I was forced into commuting by necessity. Don't get me wrong. I love my car. LOVE IT. My scale of things I love the most goes Mom>Cats>Car>Caffeine>Miscellaneousotherfamilymembers. My car has direct service from one destination to the next without any additional stops. My car runs on my schedule. My car is temperature-controlled and is there whenever I want it. And best of all, my car doesn't have any random creepy dudes that choose to sit directly next to me even though there may be thirty empty seats available.

Yet, driving does have it cons; the biggest of them being that you have to drive with other people. Now, at 5am outbound on any major expressway leading out of the city, this is not a big deal. Roads are clear and cops are scarce. It's pretty much the ideal driving time as far as I'm concerned. I like speed like crackheads like. . . well. . . crack. Any other time of day is pretty much a clusterfuck of old people driving 15mph under the speed limit and 85% of everyone else driving the actual Illinois speed limit or whatever the speed limit is in the their home state (which is apparently 20mph).

Needless to say, I'm prone to the occasional road rage. It's not a serious case, mind you. I'm not going to be on the next episode of Dr. Phil with my face blurred out whipping a milkshake (or whatever else I happen to be drinking at the time) onto someone else's windsheild while screaming obscenities. That is totally not me. I don't care if it does look like me. That's a complete coincidence.

Anyhoo, I will admit that I have been known to get slightly pissed off at people in the far left lane who are driving like they're driving Miss Daisy. Maybe I've tailgated them a little bit. Maybe I've flashed my brights in their rearview mirror so many times that it looks like Morse code. I'm not asking them to break the speed limit. I just want them to get the hell out of the way so I can do it. Would it really kill anyone to speed up just a little to change lanes? I find it fairly unlikely that a state trooper is going to appear, throw down a spike strip causing their car to fishtail out into the median, then drag them out of the driver's seat and beat the shit out of them for going 5mph over the speed limit. Unless, of course, they're shooting an episode of Cops. In which, case that could happen. . . they could also coincidentally "discover" a kilo of cocaine in the trunk. Still, odds are pretty low on all that.

Then there's that's special driver that for sure sees you coming up behind them , but still decides to change lanes at the last minute. Obviously, risking being rear ended by another car going 80 and having you both burst into a Jerry Bruckheimer-esque ball of flame is totally worth passing a school bus.

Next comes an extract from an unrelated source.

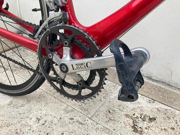 Vendo bici da corsa con telaio in carbonio Le Run, leggera e scattante, montata con gruppo Campagnolo Chorus 10 velocità (cambio posteriore) e comandi Campagnolo Veloce.
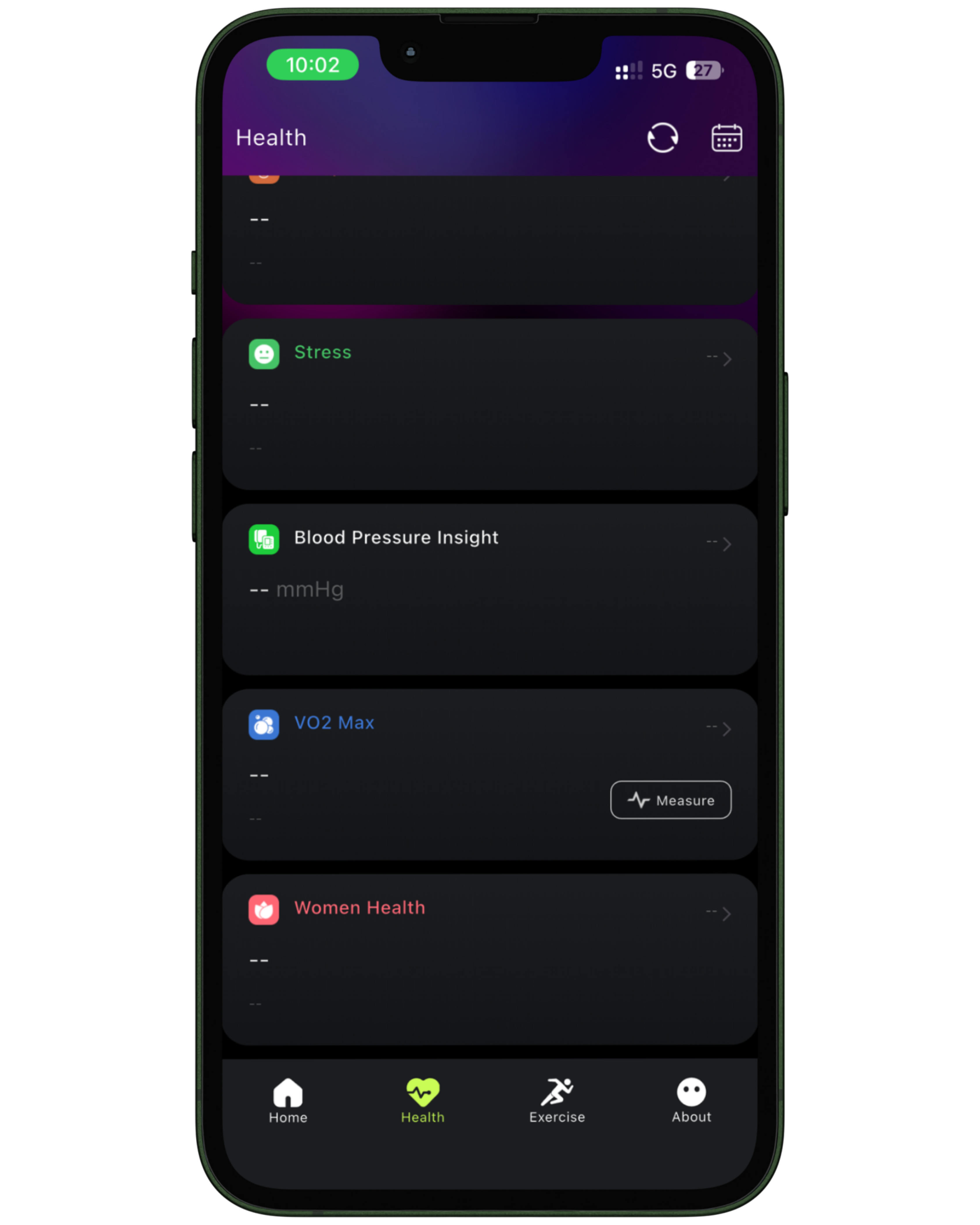 • HRV, fréquence cardiaque, sommeil, stress, température corporelle, activité physique

Anyone driving a semi or a one of those Pace vans should go end themselves. Immediately. I'm sure that after 8 straight hours of having a pack of geezers jabbering at you to slow down even while the van is in park, death probably starts to look pretty good anyway.

Luckily, I have roughly 8 months of school left. My long distance commute should come to an end after that. Hopefully, it'll be back to cheapie public transportation and it's colorful cast of characters. Because, you know, it's really been too long since I heard the soothing sound of a drunk retching in the back of a train car.